The links should be fetched on mount and displayed in the table.
The "Create Link" button should open a modal and call POST /api/links.
Use React's useState and useEffect. Handle loading and error states.
Phase 4: Add Payments with Stripe
1. Install Stripe
npm install stripe @stripe/stripe-js
2. Set up Stripe with Cursor
Set up Stripe subscriptions for this Next.js app. I need:
- A pricing page with two tiers: Free (5 links) and Pro ($9/mo, unlimited links)
- Stripe Checkout for the Pro subscription flow
- A webhook endpoint to sync subscription status to Supabase
- A users_subscriptions table to track plan status
- Logic to enforce the 5-link limit on the free tier
3. Add the pricing page
Use v0 to generate the pricing component, then connect it to your Stripe flow:
v0 prompt:
Create a pricing comparison page with two tiers: Free and Pro.
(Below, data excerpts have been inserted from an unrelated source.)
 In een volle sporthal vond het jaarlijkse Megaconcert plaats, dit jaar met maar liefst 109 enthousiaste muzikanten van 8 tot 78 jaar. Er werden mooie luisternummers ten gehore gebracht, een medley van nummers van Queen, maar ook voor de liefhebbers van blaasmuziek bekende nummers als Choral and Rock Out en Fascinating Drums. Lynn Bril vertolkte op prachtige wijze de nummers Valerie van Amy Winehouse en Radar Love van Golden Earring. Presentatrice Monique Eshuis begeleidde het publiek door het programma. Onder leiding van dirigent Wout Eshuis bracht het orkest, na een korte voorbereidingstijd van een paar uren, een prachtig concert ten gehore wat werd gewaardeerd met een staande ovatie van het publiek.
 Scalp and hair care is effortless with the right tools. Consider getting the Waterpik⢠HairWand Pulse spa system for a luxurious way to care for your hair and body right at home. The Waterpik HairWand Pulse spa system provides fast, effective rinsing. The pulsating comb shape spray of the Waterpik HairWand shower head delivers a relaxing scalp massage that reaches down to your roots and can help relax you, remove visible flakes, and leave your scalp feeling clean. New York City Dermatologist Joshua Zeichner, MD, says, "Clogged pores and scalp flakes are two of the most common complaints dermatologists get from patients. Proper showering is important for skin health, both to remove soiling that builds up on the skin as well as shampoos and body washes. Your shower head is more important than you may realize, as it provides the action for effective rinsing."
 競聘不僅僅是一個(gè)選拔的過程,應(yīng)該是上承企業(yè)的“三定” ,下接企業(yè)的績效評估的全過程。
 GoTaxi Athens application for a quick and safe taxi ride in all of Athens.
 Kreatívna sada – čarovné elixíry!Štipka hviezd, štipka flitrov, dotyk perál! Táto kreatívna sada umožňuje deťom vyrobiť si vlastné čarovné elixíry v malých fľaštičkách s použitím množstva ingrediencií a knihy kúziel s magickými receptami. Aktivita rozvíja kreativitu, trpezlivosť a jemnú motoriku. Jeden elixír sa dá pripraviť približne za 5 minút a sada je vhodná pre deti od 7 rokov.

Modern design, dark mode, shadcn/ui.
Include a "Get Started" button for free and "Upgrade to Pro" for the paid tier.
Include feature list comparison with checkmarks.
Phase 5: Deploy
Deploy to Vercel
npx vercel --prod
Add environment variables in the Vercel dashboard:
NEXT_PUBLIC_SUPABASE_URLNEXT_PUBLIC_SUPABASE_ANON_KEYSUPABASE_SERVICE_ROLE_KEYSTRIPE_SECRET_KEYSTRIPE_WEBHOOK_SECRETNEXT_PUBLIC_STRIPE_PUBLISHABLE_KEY
Configure Supabase Auth redirect
In Supabase → Authentication → URL Configuration, add your Vercel URL to the allowed redirect URLs.
Common Pitfalls and Fixes
v0 output uses components you haven’t installed: Run npx shadcn@latest add [component-name]
Supabase RLS blocking your requests: Double-check your policies. In development, you can temporarily set alter table links disable row level security to diagnose.
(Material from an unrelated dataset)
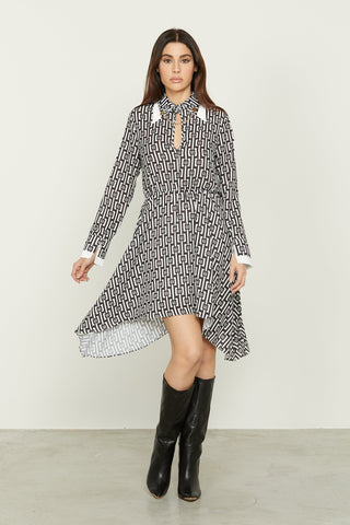 Abito CHIC corto manica lunga con doppio colletto più polso più arric.vita asimmetrico logo

Stripe webhook signature fails in development: Use stripe listen --forward-to localhost:3000/api/webhooks/stripe to test webhooks locally.
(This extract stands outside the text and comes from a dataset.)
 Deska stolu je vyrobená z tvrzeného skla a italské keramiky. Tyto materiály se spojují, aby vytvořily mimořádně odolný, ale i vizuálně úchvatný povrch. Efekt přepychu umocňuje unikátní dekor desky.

TypeScript errors on Supabase queries: Install the Supabase TypeScript types with npx supabase gen types typescript --project-id [your-project-id] > src/types/supabase.ts
What You Should Have
After completing this guide:
- A working SaaS with auth, database, core feature, and payments
- Deployed to production
- Basic RLS security in place
This foundation supports any SaaS idea. Swap out the link shortener feature for whatever your product does, and the auth/payment/deployment scaffolding works the same.
Time Investment
| Phase | Time with AI | Without AI |
|---|---|---|
| UI scaffolding | 2-3 hours | 2-3 days |
| Auth setup | 30 min | 4-8 hours |
| Core feature | 4-8 hours | 2-5 days |
| Payments | 2-3 hours | 1-2 days |
| Deployment | 30 min | 2-4 hours |
| Total | 1-2 days | 2-3 weeks |
The AI tools don’t eliminate the work — they compress it. You still need to understand what’s being built and debug the parts that don’t work correctly.